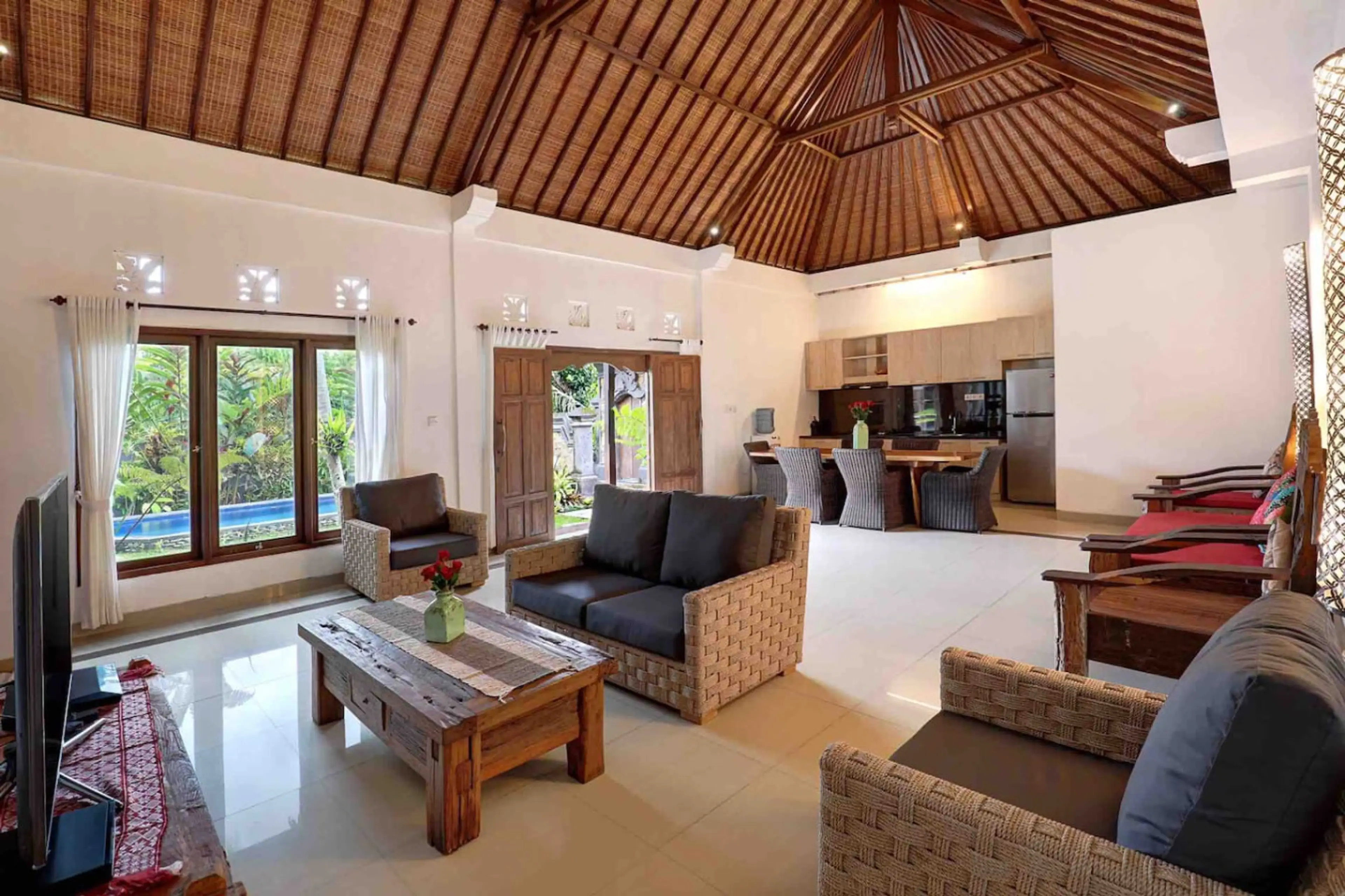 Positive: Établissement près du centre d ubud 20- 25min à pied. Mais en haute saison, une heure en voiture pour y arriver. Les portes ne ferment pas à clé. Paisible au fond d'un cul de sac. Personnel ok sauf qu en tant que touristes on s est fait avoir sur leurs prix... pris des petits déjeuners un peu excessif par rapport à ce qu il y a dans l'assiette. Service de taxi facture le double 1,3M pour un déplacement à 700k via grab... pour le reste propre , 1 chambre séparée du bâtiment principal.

....................

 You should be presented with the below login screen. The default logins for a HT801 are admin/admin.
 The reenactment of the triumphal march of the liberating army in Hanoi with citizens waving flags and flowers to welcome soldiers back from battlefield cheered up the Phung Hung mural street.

....................

▶ **Exercise**: For the listing above, print only the lines starting at the line containing "You should be" and ending at the line containing "The reenactment of", exactly, both included.

▶ **Solution for this exercise**:
 You should be presented with the below login screen. The default logins for a HT801 are admin/admin.
 The reenactment of the triumphal march of the liberating army in Hanoi with citizens waving flags and flowers to welcome soldiers back from battlefield cheered up the Phung Hung mural street.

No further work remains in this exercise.